Using laziness to improve the performance of Haskell programs

To improve the performance of a program the only solution is to reduce the amount of work it does. In Haskell we have three options:

  1. Replace an algorithm and/or data structure by one with performance characteristics more suited to our problem. It'll work less because the algorithms work less.
  2. Add strictness to the program so it don't unnecessarily delay computations. It'll work less by not working on thunk creation and such.
  3. Add laziness to the program so it don't do unnecessary computations. It'll work less by not doing some work that will never be used.
Option 1 is usually the only one available in strict programming languages. Option 2 is the usual candidate when Haskell people are talking about improving performance. Option 3 is known, but as it seems counter intuitive when we're trying to optimize for performance we tend to forget about it. It's a great tool to use in some situations and it's always good to think about it.

Suppose we have, inside our program, a function that checks some property of a data structure and depending on the result of this property we branch the flow. Let's say we use the following property:
prop xs = length xs > 2
If the list has at least three elements the property is True, otherwise False. The problem here is we fold the entire list to find its length. Thanks to laziness we are only going through the spine of the list not the actual elements (which may do expensive computations on their own) but it's a waste to do all this work to check if the list has at least three elements. The following program does the same computation and works much less:
prop (_:(_:(_:_))) = True
prop _             = False
The pattern only traverses at most three conses of the list. Testing both versions in GHCi demonstrate the performance improvement.

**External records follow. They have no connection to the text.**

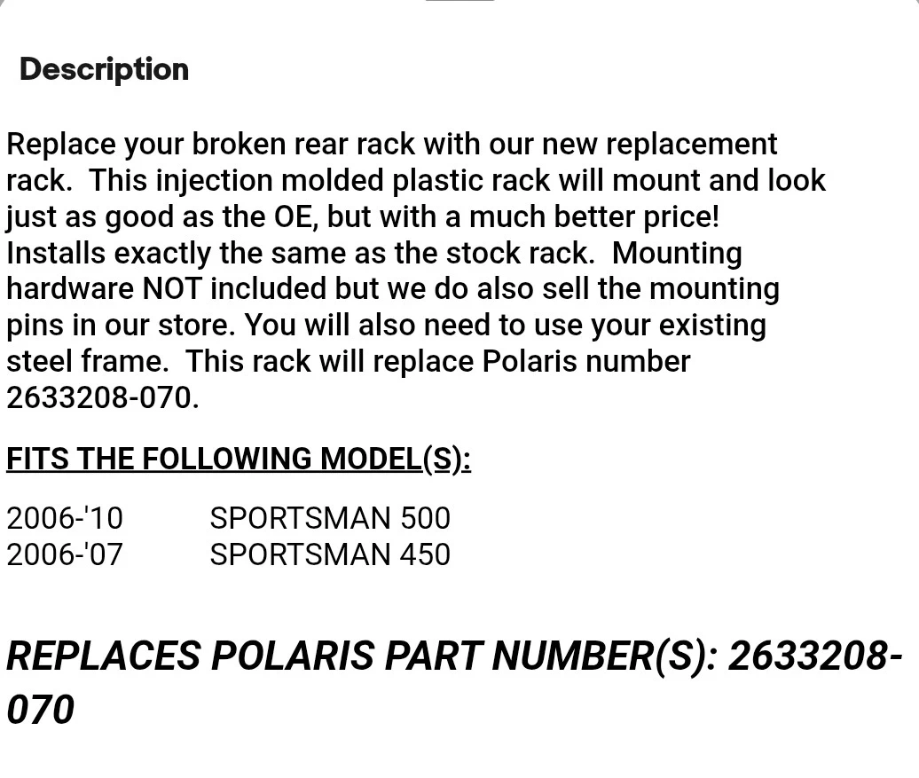Replacement injection molded plastic rear rack for Polaris Sportsman 500 (2006-2010) and Sportsman 450 (2006-2007). This rack replaces Polaris part number 2633208-070. It's designed to mount and look like the original equipment. You'll use your existing steel frame for installation.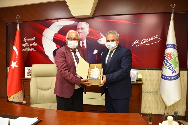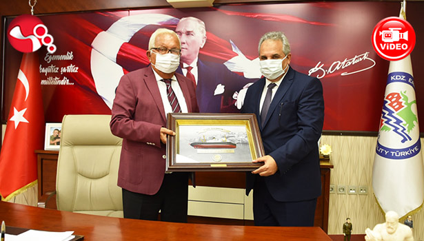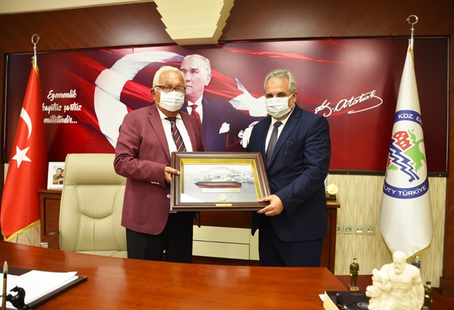 Ziyaretin sonunda Başkan Posbıyık, Yapıcı’ya Herkül heykeli, Alemdar Gemisi tablosu ve içerisinde çeşitli tanıtım broşürü ve kente özgü hediyelerin yer aldığı çantayı takdim etti.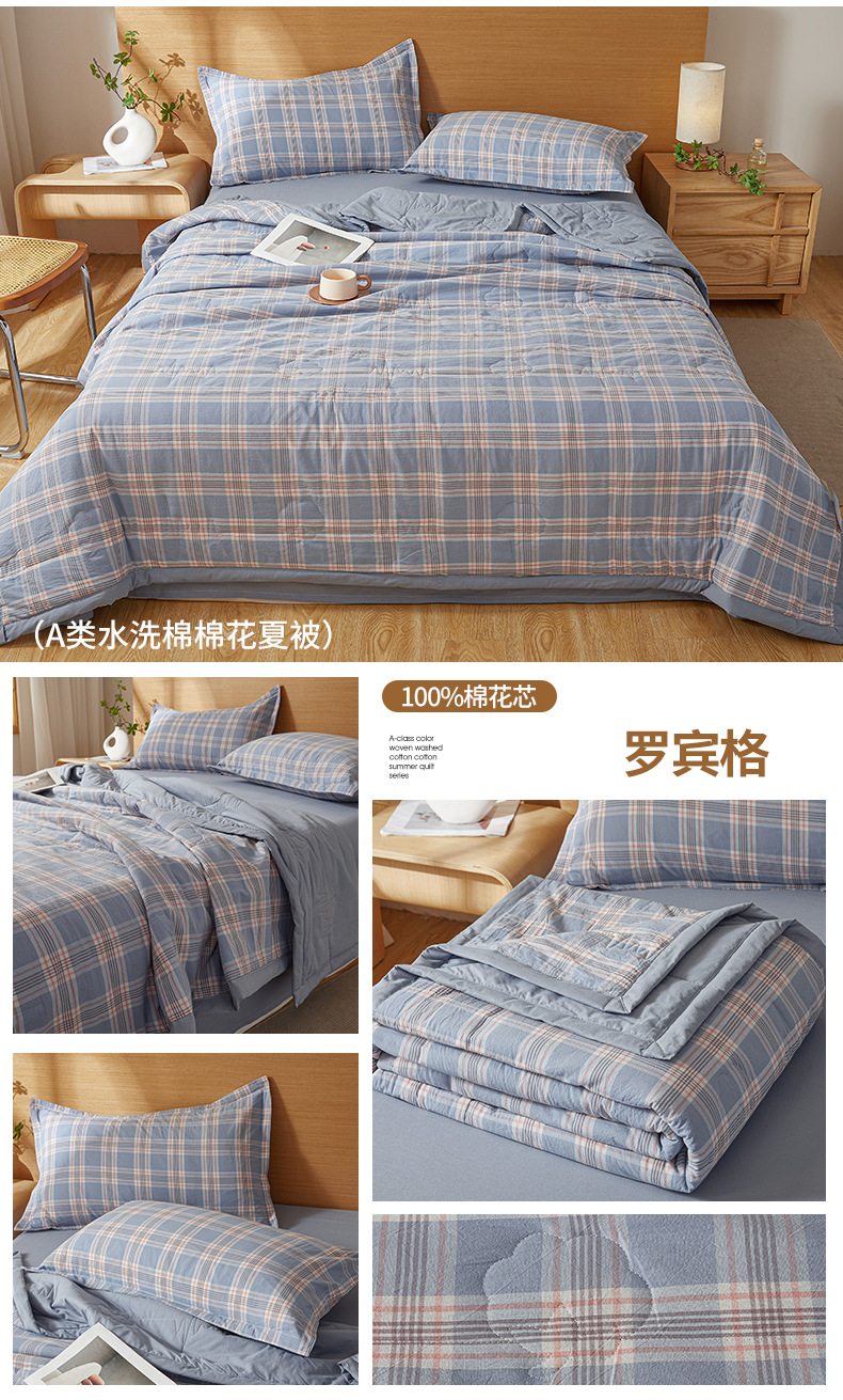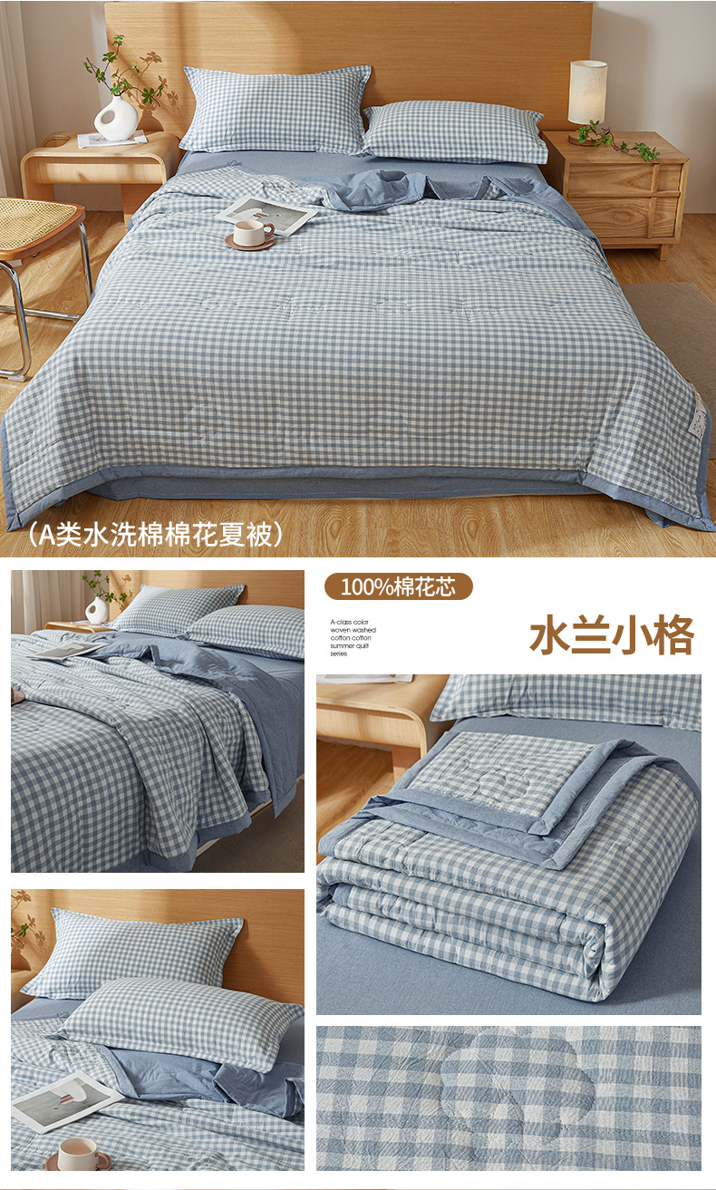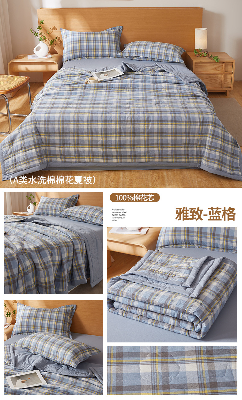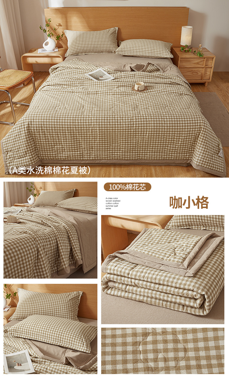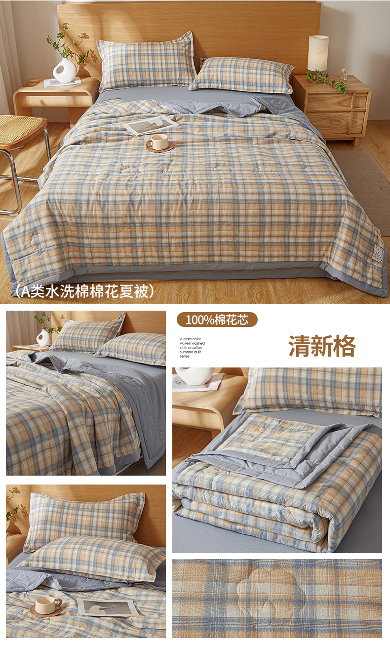 A급 100% 신장산 면 여름 이불, 워싱 면 에어컨 이불, 학생 기숙사 체크무늬 여름 이불, 여름용 얇은 이불

It seems a fact of life that these transformations are necessary, but actually this is due to some unnecessary strictness outside our program.

We only need to write down this new version because length returns an Int which is a strict, unboxed, value in GHC. So to check if length xs > 2 we need to compare two strict values which need to be fully evaluated, so length must be fully evaluated.

Now that we found the culprit, what can we do? As usual we are saved by theory and it's paladin. Let's digress a bit and find a lazier number representation.

The length of a list is natural number, not an integer. There's no list with negative length, it makes no sense. If we use the Peano axioms to express natural numbers we end up with the following datatype:
data N = Z   -- A natural N is either zero (Z)
       | S N -- or the sucessor of a natural (S N)
Naturals have a total order:
instance Ord N where
    Z   <= _   = True
    _   <= Z   = False
    S x <= S y = x <= y
This formulation of the naturals is as lazy as we need. The comparison will only go as far as it needs, until we reach a zero on either side.

Now we restate the property, but using genericLength instead of length and using our natural number formulation (assume the usual Eq and Num instances for N):
prop xs = genericLength xs > (2 :: N)
Now the strictness problem disappears. If we think about this a bit we'll realize our earlier performance improvement is isomorphic to this, because the spine of a list is isomorphic to the natural numbers.

Let that sink in for  a while.

If we write prop using naturals, but in the second form we have this:
prop xs = case (genericLength xs :: N) of
    (S (S (S _))) = True
    _             = False
The only difference in the patterns is we're using S x instead of _:x. Remembering that _:x means we care only about the shape of the list not its contents it becomes clear that empty lists are equivalent to zero and a cons is equivalent to a successor.

Our optimization was just stating in long form the isomorphism between the spine of a list and natural numbers.

1 comment:

  1. Ah. Now I understand why you favourited my tweet! ;-)